(Records to use Opens)

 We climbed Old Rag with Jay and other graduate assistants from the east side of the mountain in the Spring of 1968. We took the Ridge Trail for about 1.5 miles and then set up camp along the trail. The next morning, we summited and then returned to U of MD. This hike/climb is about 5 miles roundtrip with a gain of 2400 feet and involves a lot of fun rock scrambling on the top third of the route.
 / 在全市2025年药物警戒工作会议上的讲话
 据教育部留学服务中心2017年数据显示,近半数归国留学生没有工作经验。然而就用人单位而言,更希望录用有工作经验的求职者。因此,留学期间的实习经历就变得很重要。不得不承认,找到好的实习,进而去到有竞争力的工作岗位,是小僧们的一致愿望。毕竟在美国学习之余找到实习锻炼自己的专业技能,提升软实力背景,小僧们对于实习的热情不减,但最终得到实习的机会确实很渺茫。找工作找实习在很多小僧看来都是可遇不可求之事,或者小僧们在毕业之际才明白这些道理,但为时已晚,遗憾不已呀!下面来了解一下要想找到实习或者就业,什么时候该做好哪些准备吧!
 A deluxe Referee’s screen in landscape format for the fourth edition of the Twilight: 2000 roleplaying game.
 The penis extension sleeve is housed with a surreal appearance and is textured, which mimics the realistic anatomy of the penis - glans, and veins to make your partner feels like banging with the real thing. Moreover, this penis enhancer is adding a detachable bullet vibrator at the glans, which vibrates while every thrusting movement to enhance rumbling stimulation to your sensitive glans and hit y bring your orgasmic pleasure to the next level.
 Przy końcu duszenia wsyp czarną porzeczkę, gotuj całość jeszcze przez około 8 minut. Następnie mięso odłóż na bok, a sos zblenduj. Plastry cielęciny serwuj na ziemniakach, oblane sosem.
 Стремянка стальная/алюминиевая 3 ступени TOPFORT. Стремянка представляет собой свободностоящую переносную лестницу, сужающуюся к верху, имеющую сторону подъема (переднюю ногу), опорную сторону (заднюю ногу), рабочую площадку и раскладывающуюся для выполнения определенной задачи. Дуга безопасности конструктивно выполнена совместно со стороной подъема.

(Records to use Closes)

Exercise
Respond with nothing but the number of lines in the entries that contain the string "next".

Reply
2